I hired a contractor to repair the roof of my building. The contractor had erected a scaffold. A pedestrian walking under the scaffold was injured when part of the scaffolding had collapsed. The injured pedestrian now is suing me for this contractor’s negligence. Am I responsible for this accident?

It sounds like the type of case you are describing involves a commercial building. This is a common premises liability for an independent contractor question, and the answer may surprise you.

I will assume that you have insurance on the property. You should immediately notify your broker or insurance carrier about this claim. I have mentioned in prior posts that your insurance company could disclaim coverage if you do not notify it promptly of the claim.

Respondeat Superior

In a prior post to a similar question, I explained the doctrine of respondeat superior. That doctrine states that an employer is responsible for the acts of their employee. As long as the employee is acting in the scope of their duties, the employer is responsible for the employee’s  actions, even if they are negligent.

In your particular case, you hired a contractor to do repairs on your building. That implies that this particular contractor was not your employee. The pedestrian that was injured by the faulty scaffolding is not protected by the Labor Law. The Labor Law is designed to protect only a particular class of construction workers. Random people walking by a construction site are not part of that class.

Exceptions to Premises Liability for an Independent Contractor

Therefore, the question remains if you as the building owner could be responsible for the acts of a contractor performing work for your building. Normally only employers are responsible for the acts of employees. Employers of independent contractors are generally not responsible. However, there are exceptions to this rule. So the answer to your premises liability for an independent contractor question could be yes.

An important court of appeals case addressed this issue. It outlined three types of exceptions to the rule that someone who hires another as an independent contractor is not responsible for their actions. The three exceptions are outlined in Kleeman v Rheingold, 81 NY2d 270, 598 NYS2d 149 (1993). See also Brothers v New York State Elec. and Gas Corp., 11 NY3d 251, 869 NYS2d 356 (2008) . 
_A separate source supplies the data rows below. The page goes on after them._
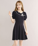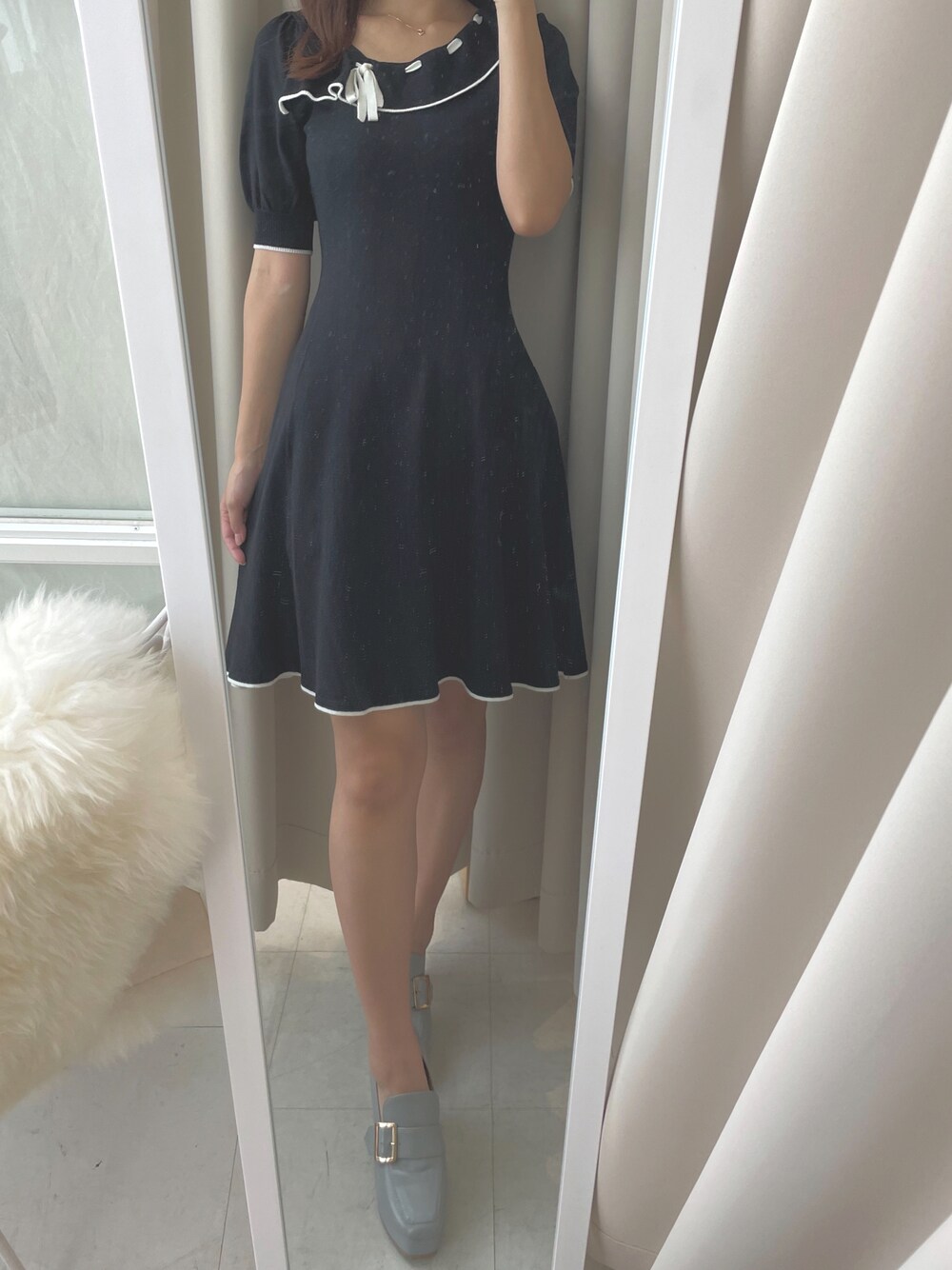 配色リボンがキャッチーなニットワンピース🍂パフスリーブやフレアなシルエットでよりガーリーな印象に❣️ 只今ZOZOTOWNタイムセール中⏰
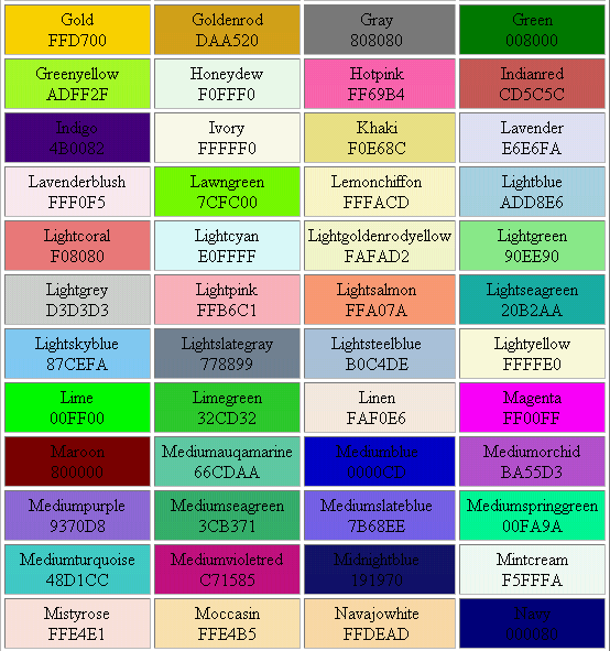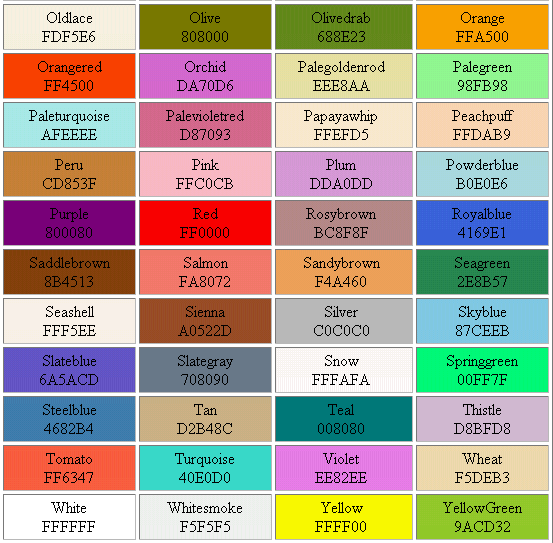 Web Safe Color Chart
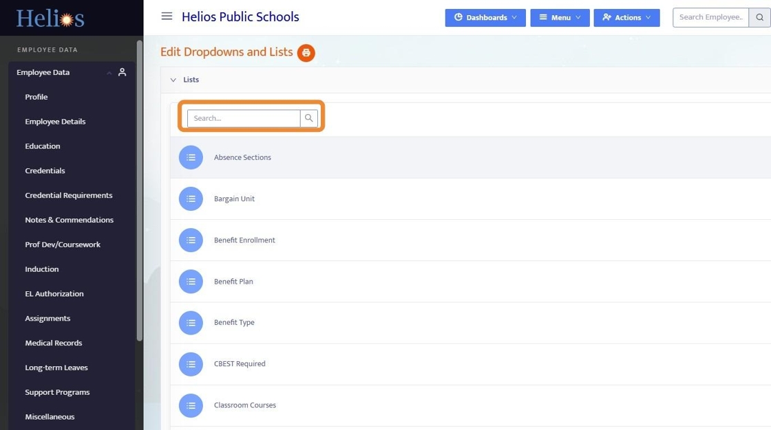 Dropdown Edits - How to make changes to the different dropdown sections throughout Helios

Negligent Selection of an Independent Contractor

One exception to the rule for responsibility for the negligence of an independent contractor is where the employer is negligent in selecting, instructing, or supervising the contractor. A common type of this case involves hospital liability. Most physicians are not employees of the hospital in which they work. They are independent contractors. However, the hospital could be responsible for the act of a physician under the theory that the hospital was negligent in selecting the particular physician. Bleiler v. Bodnar, 65 N.Y.2d 65, 489 N.Y.S.2d 885 (N.Y. 1985).  (There is also another common theory of hospital liability based upon apparent authority. Even though physicians may be independent contractors in the hospital, there is a reasonable belief that the hospital — and not just the physician — is providing medical care. Thus the hospital is responsible for the negligent acts of the physician. Hill v St. Clare’s Hosp., 67 NY2d 72, 499 NYS2d 904 (1986))

Inherently Dangerous Work

A second exception for employer liability for the negligent act of an independent contractor is employment for work that is inherently or abnormally dangerous, Rosenberg v Equitable Life Assur. Soc. of U.S., 79 NY2d 663, 584 NYS2d 765 (1992). One common example of this type of case would be where an owner employs an independent contractor to do blasting.
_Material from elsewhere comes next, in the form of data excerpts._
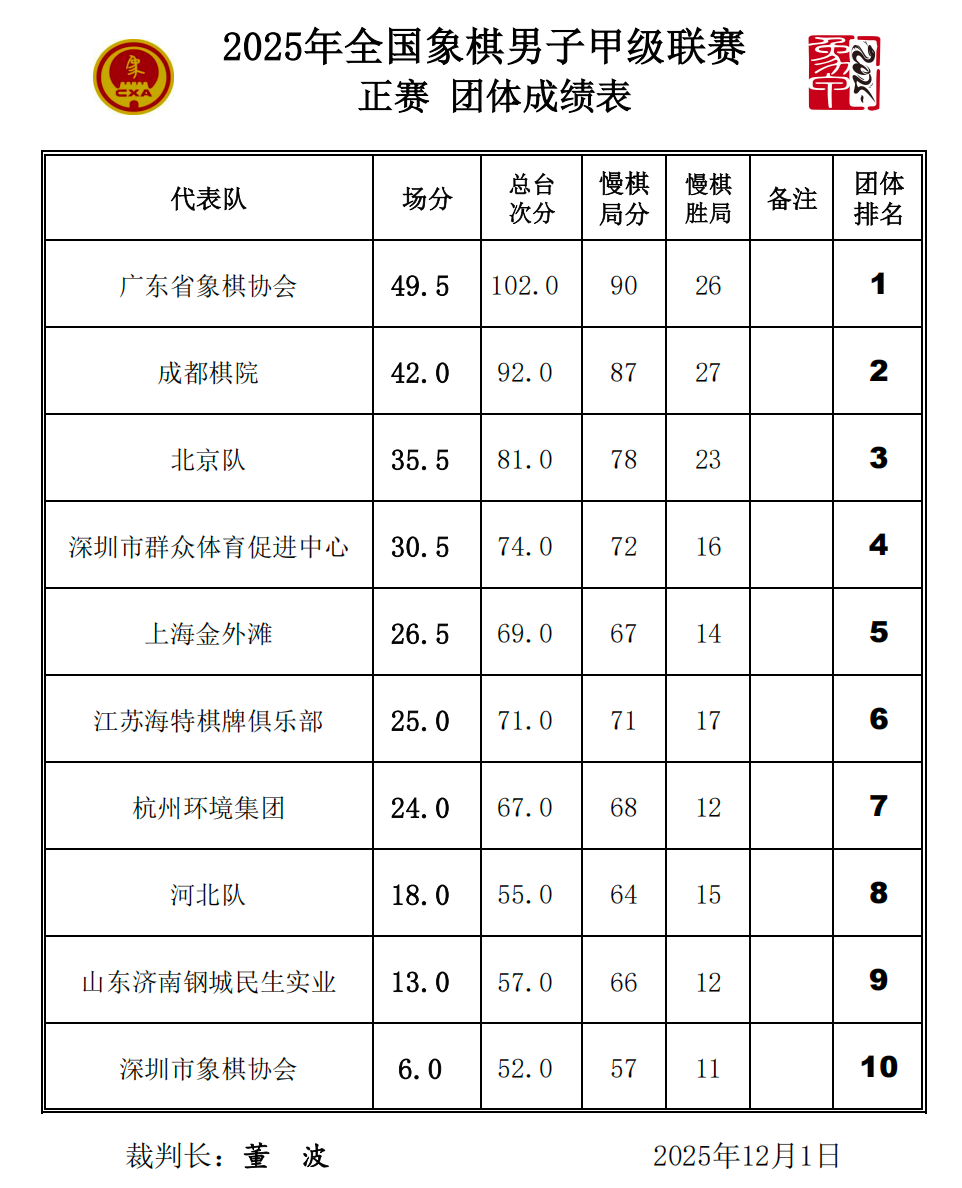 12月1日,2025年全国象棋男子甲级联赛在浙江省金华市进行第三阶段的争夺,最后广东省象棋协会队获得冠军,深圳市无剑象甲队获得第四名。
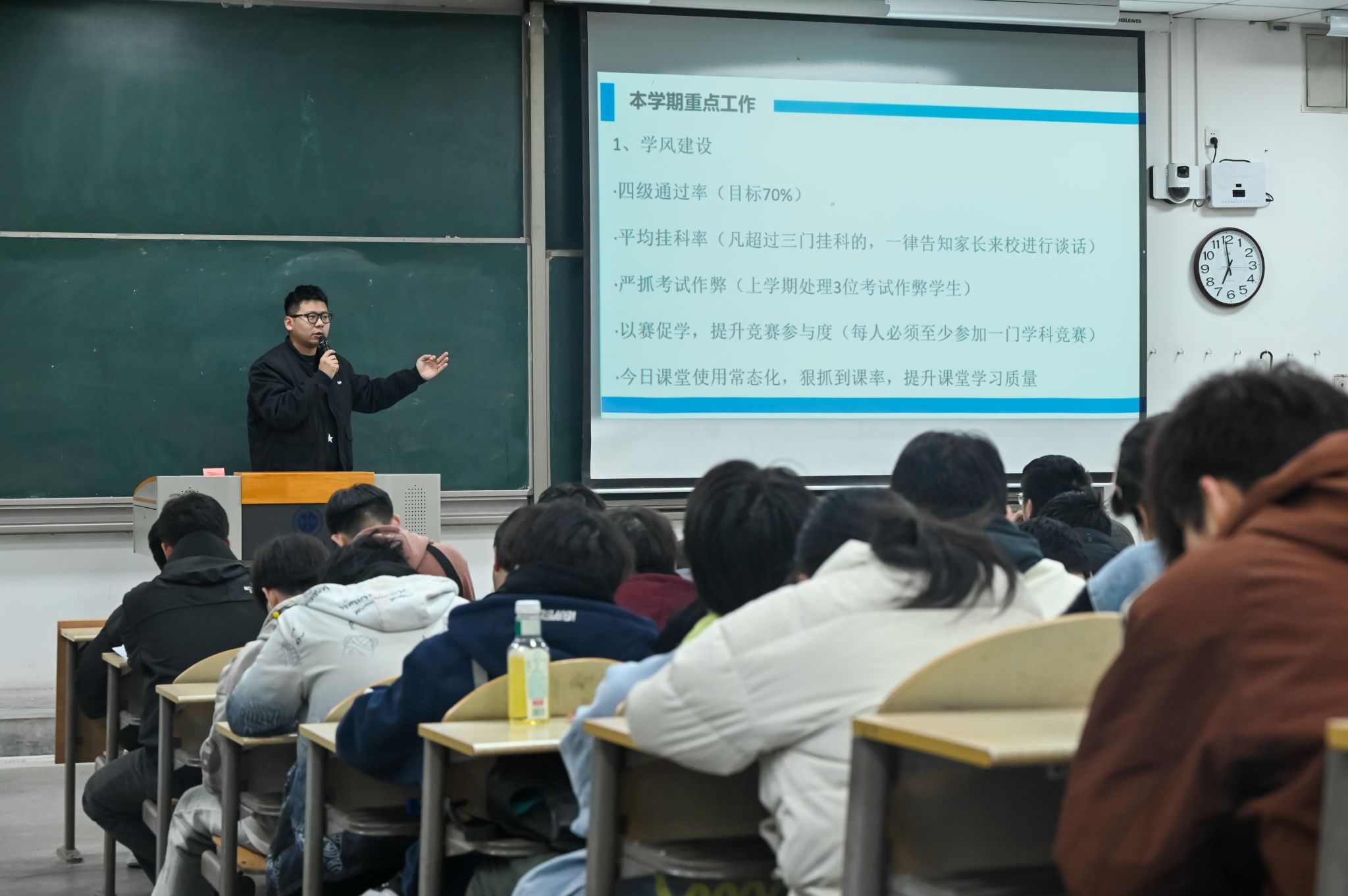 孙君首先回顾了上学期各专业学生学习的整体情况,用数据说话,通报了平均学分绩点、挂科门次、四级成绩等情况。接着,他在会上通报了了本学期着手开展的重点工作,要在预防电信诈骗、建立宿舍联络员制度大学生人际关系教育、课堂上课质量、考风考纪教育、竞赛促学等方面下功夫。随后,孙君提倡各班开展符合新时代高校大学生教育的主题活动,丰富学生们的课余生活,例如组织开展学习两会主题团日活动、职业生涯规划主题讲座、讲党史故事微党课比赛、学雷锋月主题教育观影等。
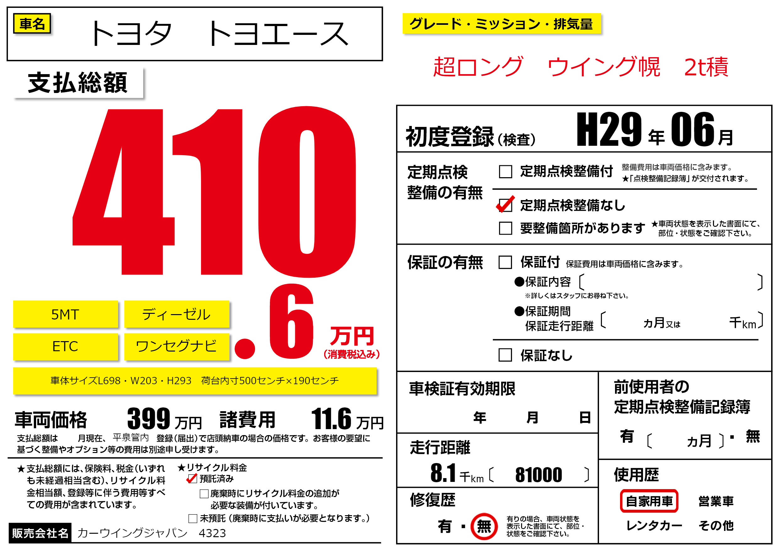 | 走行キロ | 0.8万km | 初年度登録 | H29年06月 |
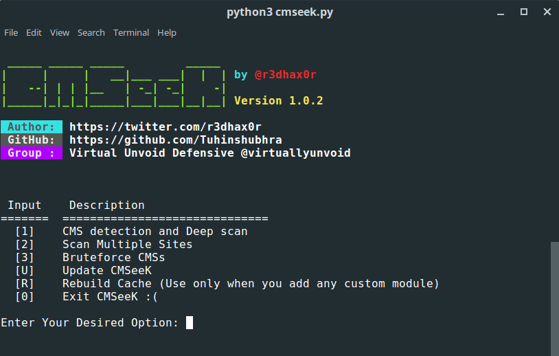 P.S: Please make sure you have git installed, CMSeeK uses git to apply auto update.
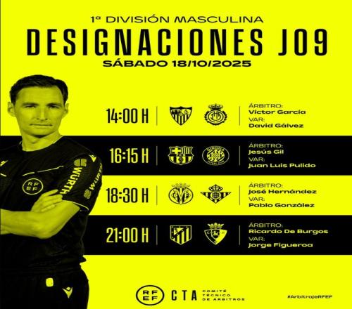 西甲第九轮部分裁判选派:

In a similar case to this one, a construction worker had fallen from a scaffold onto a pedestrian on a sidewalk. The Court found the scaffold to be inherently dangerous. Thus, even though the building owner did not erect the scaffold, the owner was still responsible. Rohlfs v Weil, 271 NY 444 (1936).

Nondelegable Duty

Finally, the court also recognizes that an employer can be responsible for the negligent act of an independent contractor in which the employer is under a specific non-delegable duty. Kleeman v Rheingold, 81 NY2d 270, 598 NYS2d 149 (1993). (An attorney was found responsible for the negligent act of a process server who performed their duties negligently.) See also Pesante v Vertical Indus. Development Corp., 29 NY3d 983, 53 NYS3d 249 (2017) (a building owner has nondelegable duty to keep the premises safe and could be responsible for the negligent act of a security company.)

In your particular case, the building owner has a nondelegable duty to pedestrians walking on the adjacent sidewalk. Also, the scaffolding erected next to the building could be argued as inherently dangerous. Thus, you could potentially be responsible for this unfortunate accident. I would advise you to fully cooperate with anything that your insurance company or their lawyers request from you. Failure to cooperate with your insurance company is another basis that the carrier could disclaim coverage for this accident.